Their eigenvalues are $\pm 1$, meaning some states/particles stay the same under these operations, except for an overall — sign in the second option. Before the mid 50s, it had been established that the strong and electromagnetic interactions preserved P and C, that is the left-hand side and the right-hand side of a reaction/decay, had the eigenvalues of C and P match across these sides.

But then it was discovered in weak interactions that the P and C eigenvalues of the left-hand side and the right-hand side did not match. P and C were thus said to be violated, or equivalently, the weak interactions are not P and C symmetric. Nevertheless, CP was still apparently preserved in these reactions, as formally proposed by Landau. This means that the product of the C and P eigenvalues, the eigenvalue of CP (which is therefore also $\pm 1$) stayed the same across a reaction, thereby restoring order.

So, typically, the CP eigenvalue of a neutral K-short is +1, just like the CP of two pions, so it weakly decays to such, if CP is conserved (not violated). A different combination of the very same quarks in a different arrangement, the K-long, flips its sign under the action of CP, i.e. it has an eigenvalue -1, just like the three pions it decays to. (Since both Ks are neutral, they can be CP eigenstates, of course.)

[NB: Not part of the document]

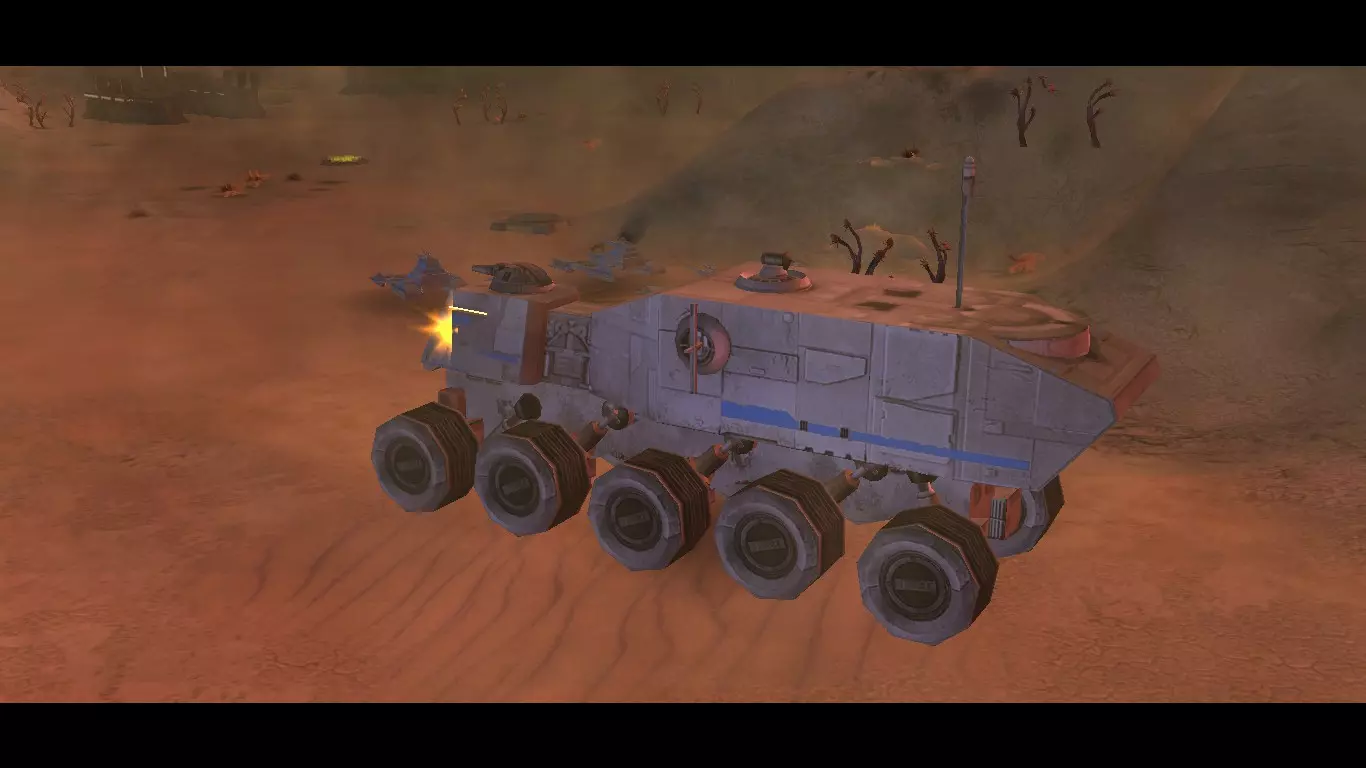 TIE Mauler(钛破击机)非常适合执行反步兵任务,因为这是它的主要职责。钛破击机也是一种速度极快的载具,同样能够执行侦察任务;但它相当脆弱,装甲轻薄,很容易被轻型载具摧毁。现在,你应该使用钛破击机并将其当作反步兵载具,但如果没有任何侦察兵可用,你也可以将其用作侦察载具。 在刚开始银河征服模式时,钛破击机是你最早获得的地面单位之一,AT-ST(全地形侦察步行机)也是如此。在作为帝国的最初几天,你的科技等级为1,你必须充分利用现有的资源。我知道使用小型枪械可能不太顺手,但在拿到真正的好家伙之前,你必须先凑合用着。AT-ST对付载具还算不错,不过它的射速较慢,对付步兵尤其是PLEX士兵时就不太理想了……那些蠢货!不过,我扯远了。AT-ST需要一个能对付步兵的搭档,而这个特定的搭档就是TIE Mauler。现在要注意,驾驶TIE Mauler时你必须动作迅速,才能轻松消灭步兵威胁,因为PLEX士兵能很快摧毁TIE Mauler。TIE Mauler凭借其出色的速度,还能轻松碾压敌人,所以尽管这么做吧,这既简单又能有效消灭PLEX士兵。使用TIE Mauler时,你应该始终配备后备单位,以抵御任何试图摧毁它的载具。 一旦你能够掌握将反步兵载具与反坦克载具结合成具有威胁性的混合部队的能力,能够高效地对抗任何步兵或载具单位,那么你将成为行星战争的最高指挥官。 2-M 反重力坦克 现在我们来介绍2-M 反重力坦克,它可以说是游戏中最平衡的支援载具。2-M 反重力坦克是你在科技等级2时获得的载具,它优于AT-ST,是其间接的精神继任者。我建议将这种载具用于你的防御部队,因为它消耗得起,价格相当低廉且威力强大。一个小队由4辆坦克组成;它们配备了标准坦克爆能炮,当所有坦克协同作战时,能轻松摧毁T2B。此外,它们还装有护盾,护盾激活时可抵御爆能炮伤害,但要记住,护盾仅能防御爆能炮攻击,无法抵挡如PLEX导弹之类的投射武器。 关于2-M反重力载具,首先需要了解一些背景知识和注意事项。首先,也是最重要的一点,这是一种反重力悬浮载具,并非在所有星球上都能运行。其次,由于没有腿或履带,它无法碾压敌方步兵;但它也有优势:作为反重力悬浮载具,它能在水面和大多数帝国载具无法进入的地形上悬浮行驶,更不用说它还具备速度优势。关于历史,其实相当有趣。2-M实际上是克隆人战争期间使用的TX-130光剑级坦克的前身。TX-130是一款出色的载具,而2-M与其非常相似,因为它与TX-130共享相同的基本设计,但2-M在武器装备、护盾、装甲和整体战斗效能方面都有巨大改进,性能更为优越。 两侧的两张图片是克隆人战争时期的TX-130。

Now, in the mid-60s, in an epochal, imaginative, & delicate experiment, it was discovered, that, at a fantastically small rate, some long Kaons nevertheless could, rarely, also decay to two pions, the hallmark of CP=+1 states... So there was either a piece of CP=+1 in K-long, after all, or something "happened" in the decay to violate CP. In both cases CP was realized to be a good-but-not-perfect symmetry of the weak interactions.

This was subsequently explained successfully in terms of quark mixing of three generations, but this is a longer story. CP violation in the early universe is thought to be responsible for our universe being mostly made out of matter, and not antimatter, quarks and electrons, as opposed to antiquarks and positrons.